Albanese signalled his intention to pursue legislative changes in an interview with 2GB on Monday.

“I’ve asked the attorney general to bring forward legislation in response to the Privacy Act review, including laws that deal with so-called doxing, which is basically the malicious publication of private information online,” the prime minister said.

“And let’s be very clear, these are 600 people in the creative industries … who had a WhatsApp group, not heavily political, to provide support for each other because of the antisemitism we’ve seen.”

Albanese said the publication of the details had led to people being “targeted”.

“Now these people have a range of views about the Middle East. What they have in common is they are members of the Jewish community,” he said.

“The idea that in Australia someone should be targeted because of their religion, because of their faith, whether they be Jewish, or Muslim, or Hindu or Catholic – it’s just completely unacceptable.

“And that’s why I’ve asked as well the attorney general to develop proposals to strengthen laws against hate speech. This is not the Australia we want to see.”

When asked for a response to Albanese’s comments, Ford said: “This fixation on rewriting narratives in order to obfuscate the truth is yet another tactic to conceal Israel’s genocide of Palestinian people in Gaza.”

Ford said there was a wider effort aimed at “the demonisation of people who cannot stand to see any more children be killed” in Gaza.

She asked: “How many children need to die before Albanese remembers he once had a backbone?”

The leaked WhatsApp chat log allegedly included several messages about Ford, including a comment from a user: “One of my big goals is taking down Clementine, either by making her have to issue a public apology, or getting her dropped by her publisher, or preferably both.”

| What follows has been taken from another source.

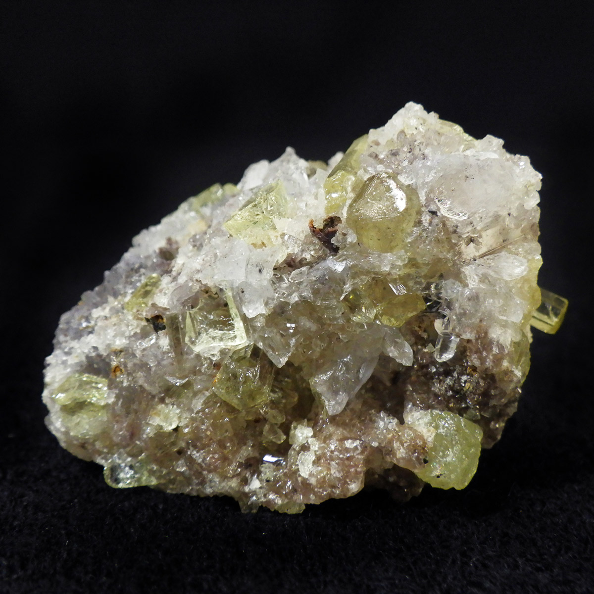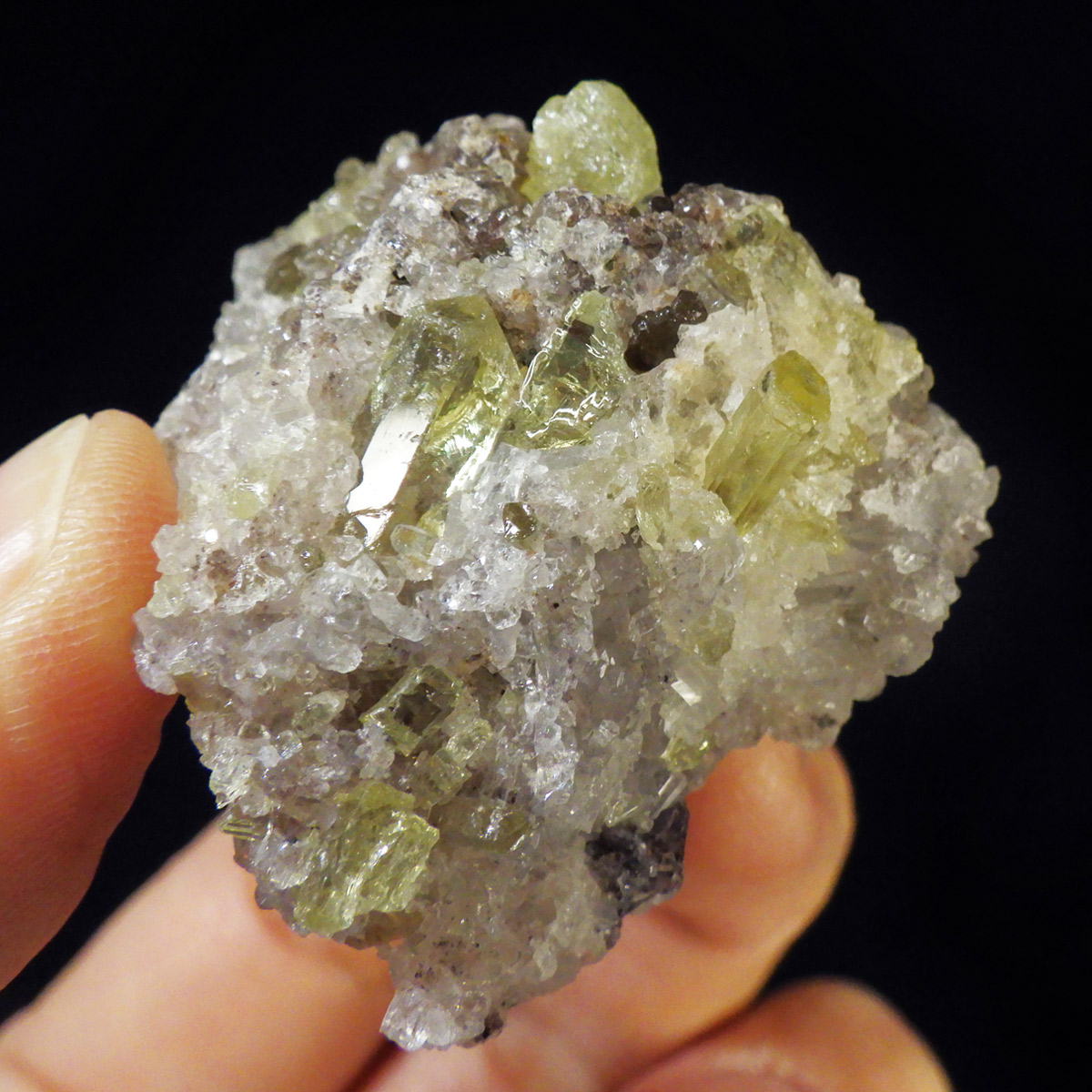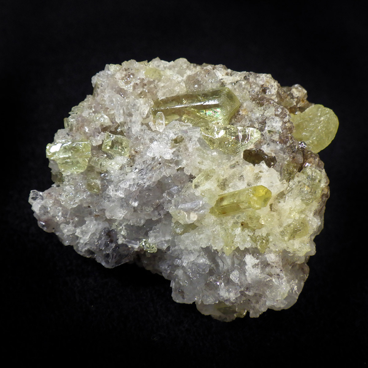 メキシコ産イエローアパタイトの母岩付き結晶原石です。 非常に透明度の高い、イエローグリーンの六角柱や六角板がキラキラと、大変美しく魅了されます。 角度によってはキラりとレインボーが輝き、とても高品質で貴重な一点です。 透明度の高い綺麗な結晶を持つため、宝石としても使用されます。 ミネラルの中でも、最もマイナスイオンを発することから、「究極の癒し系パワーストーン」と言われています。

On Sunday Ford posted a “collective statement regarding the leaked chat, and the pernicious attempts by individuals, lobby groups and the media to frame it as ‘doxing’”.

The statement said the group chat had been “leaked by a whistleblower” and no addresses, phone numbers or emails had been shared.

“Many of us were shocked and disturbed by the contents of the transcript as we read the tactics discussed to target and harm the livelihood and reputation of good and just people, some for simply being Palestinian, and almost all for calling for an end to the genocide against the people of Gaza,” said the statement posted by Ford on Sunday.

However, the Labor MP Josh Burns said last week that the publication of the details had led to death threats and forced one family into hiding.

“This has resulted in really serious consequences where people have received death threats,” he said.

Dreyfus has long been working on reforms to the Privacy Act, and it is understood the government is planning to create a new criminal offence of “malicious doxing”.

Dreyfus said the government would bring forward legislation “as soon as possible” to protect Australians from “the malicious use of their personal and private information”.

Earlier, the Executive Council of Australian Jewry called for “reform of the Criminal Code to make it unlawful to post private or identifying information about an individual or group with the intent that the information be used to cause harm to the victim”.

The president, Daniel Aghion KC, said many within the Jewish community in Australia were “fearful for their physical security and loss of livelihood”.

“In the last few days this has been caused by the publication of lists containing the names, faces and other personal information of hundreds of individuals, whose only common trait is that they are Jewish,” he said on Monday.

In addition to legal changes, Aghion called on social media platforms “to permanently deactivate the accounts of those found to have used their accounts for the purposes of doxing”.

“Social media is intended to connect individuals and communities and allow the rapid exchange of information,” he said.

“Where accounts are used to threaten the lives and livelihoods of others, the platforms have a duty to act.”